|Eat your heart out, Ricardo Montalban, King of Khan - Photo by Wasabi Prime|
Trader Joes was the driving force behind this dish. It's a great store, full of amazing things you never knew you needed, but can't live without, and after bringing them home, you're not totally sure how to live with them either. Organic heirloom cherry tomatoes? Individually-sized Greek yogurt cups? Frozen pot de creme? My personal weakness is their snack aisle (Chili Lime Cashews, you complete me), and came across a package of their dried pineapple with chili spice. I had no idea what it tasted like or what I would do with it. By the Power of Compulsive Shopping, I had to have it!

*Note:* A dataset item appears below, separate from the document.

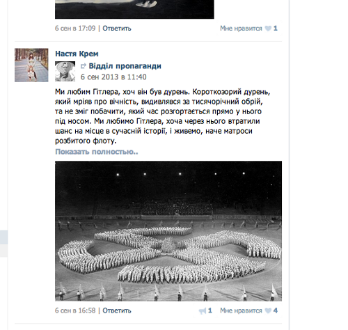 «Мы любим Гитлера…» – пишет она с наивной детской непосредственностью на своей страничке в соцсети ВКонтакте, где зарегистрировалась под псевдонимом Настя Крем, забывая, наверное, что за такой, как у нее, разрез глаз Гитлер мог и в печи сжечь. Писала об этом Настя еще в 2013 году… До сих пор взгляды не поменялись…

Flash forward months later when I realize we've accumulated too many random items in the pantry, it's time to cook our way through this smorgasbord, and I recognize the package of red spice-flecked pineapple chunks. I thought as a joke, they would make for a fancy Hawaiian pizza, but the joke got less and less funny as I thought it may not taste like total crap.
In an UnRecipe-like fashion, I collected items I thought would be a good fit, but in atypical fashion, I actually started jotting things down. Why? I don't know -- let's just call it preparation for Thunderdome. I did use a flatbread recipe from Epicurious by Ben Ford, which was a nice return to breadmaking. The rest of it was a MacGyver meal of throwing together things and hoping I didn't end up making a pipe bomb instead of a pizza.
|Kickin' it with Flava-FLAV: spicy pineapple, sundried tomato pesto and heavenly ham - Photo by Wasabi Prime|
While the flatbread dough rose, I had enough time to make a simple pesto from sundried tomatoes. For the cheese, I chose fresh mozzarella, as it melts nicely, stringy-good, and the flavor won't compete with the other elements. I went back and forth on the ham, wondering if I should use proscuitto or not, but went with Black Forest as it's a bit meatier and not as salty. Because the spiced pineapple chunks were so strongly seasoned with chili and ginger, I didn't want it to be a Fight Club of flavors.
Once baked, the finished flatbreads were a satisfying combination of savory and sweet. The dry pineapple chunks soak up the surrounding moisture, so they soften by the time it's baked. The crust was doughy with a good bite to it, a delicious reminder that making bread isn't so difficult and very much worth the effort. I don't have a pizza stone, but was still able to get the small paddle-shaped flatbreads done with a bit of crispness. The small shapes bake up quickly, which is good since they need to be baked prior to adding the pesto and toppings.
I often felt like the "Hawaiian Pizza" was akin to a plain pepperoni and cheese pizza -- boring and overdone. Approaching something I'm not excited about and finding a way to make it more interesting was a nice experiment that yielded delicious results.
|Heavenly ham and el diablo pineapple combine forces! - Photos by Wasabi Prime|
Fancy Fantasy Island Flatbreads
(makes 8 small flatbreads)
*use flatbread recipe from Epicurious
8 oz fresh mozzarella, torn into 8 segments
8 slices of Black Forest ham
1 package of spiced dried pineapple from Trader Joe's
sundried tomato pesto
3 0z bag of sundried tomatoes
3 garlic cloves
1/2 cup olive oil
1 tsp chopped oregano
1 tsp red pepper flakes
Waiting for bread to rise and/or bake, take tomatoes and garlic and pulse in a food processor until rendered to small, even-sized pieces. Add spices and let food processor break everything down into small bits before slowly adding the olive oil. Continue to mix in food processor until consistency is like a paste.
When flatbreads are done baking, remove from oven and reduce temperature to 350 degrees F. Spread the pesto on the flatbreads and divide the cheese, ham and pineapple across the eight flatbreads. Place back into the oven and let the cheese melt and brown slightly before serving. Commence omming and nomming.